== What is required ==
Return, exactly and with nothing added, the line with "Mother Black Denim" together with all lines after it through the end of the data below. No pictures belong in the copy.

== Recorded data ==
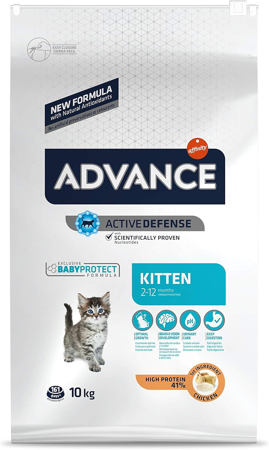 Si votre chaton a moins d'un an, il traverse une étape où il subit le plus de changements au niveau du physique et de la conduite. Par conséquent, il a besoin d'un produit spécifique qui l'aide à devenir robuste et en bonne santé. ADVANCE Kitten est un aliment haut de gamme, élaboré spécialement pour couvrir les besoins des chatons et des mères à la fin de la gestation ainsi que pendant l'allaitement. Grâce à sa formule exclusive enrichie à base de nucléotides, ADVANCE Kitten favorise une croissance optimale. Il aide le développement du cerveau et de la vision, tout en renforçant les défenses naturelles du chaton, afin de préserver sa santé. ADVANCE Kitten est particulièrement recommandé pour les chatons d'entre 2 et 12 mois ainsi que pour les chattes gestantes et allaitantes.
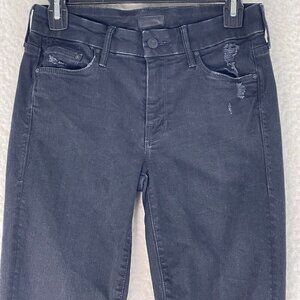Mother Black Denim Looker Ankle Fray Skinny Jeans Womens Destroyed Size 26
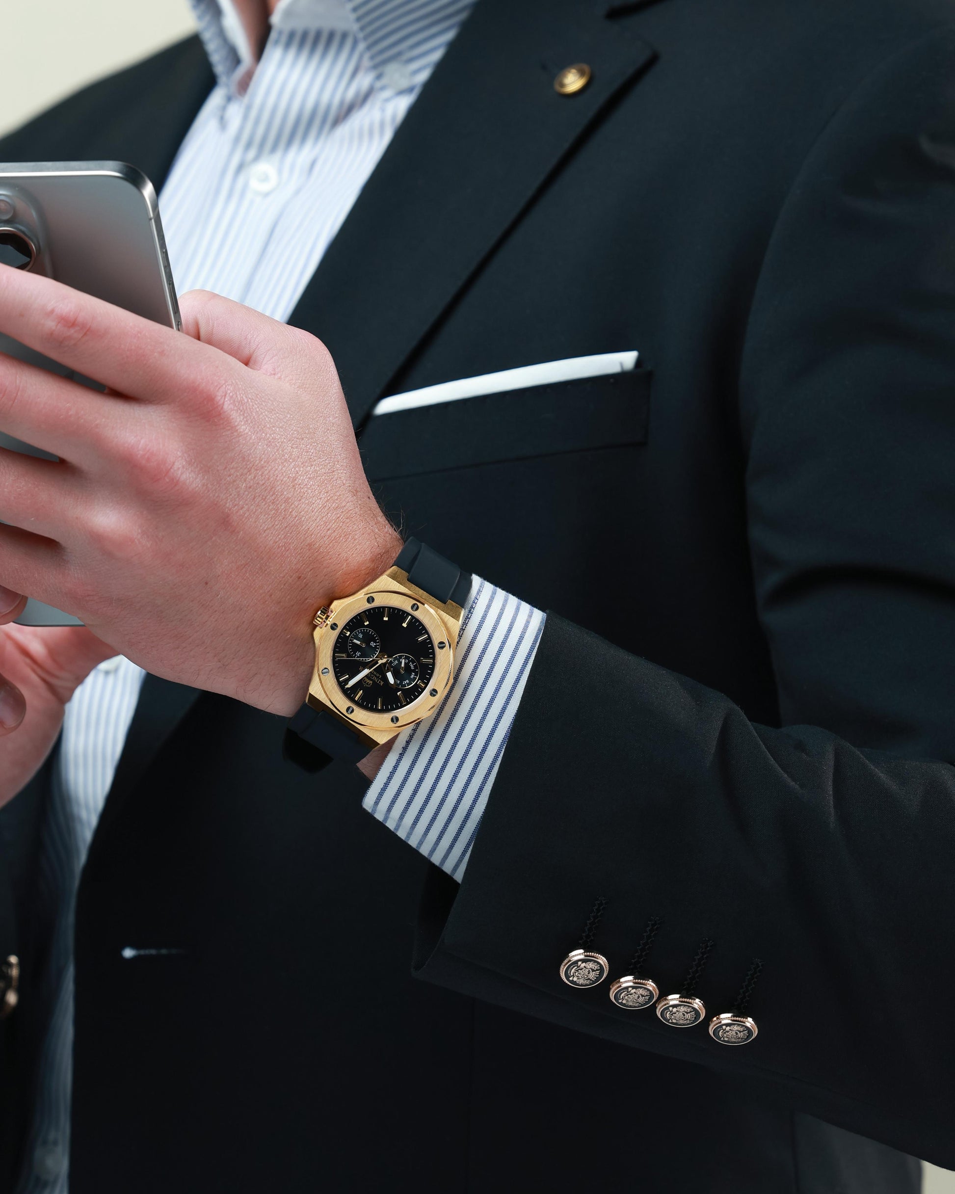 Forged in the historic elegance of London, the Kingsper Carrick watch is a beacon of ambition and style. Worn by the discerning entrepreneur Carrick , it stands as a testament to precision and perseverance amidst the vibrant hustle of the city. As he navigates through pivotal meetings and decisive moments, his Carrick watch is not just a timekeeper, but a symbol of a legacy in the making.

== Exercise output ==
Mother Black Denim Looker Ankle Fray Skinny Jeans Womens Destroyed Size 26
 Forged in the historic elegance of London, the Kingsper Carrick watch is a beacon of ambition and style. Worn by the discerning entrepreneur Carrick , it stands as a testament to precision and perseverance amidst the vibrant hustle of the city. As he navigates through pivotal meetings and decisive moments, his Carrick watch is not just a timekeeper, but a symbol of a legacy in the making.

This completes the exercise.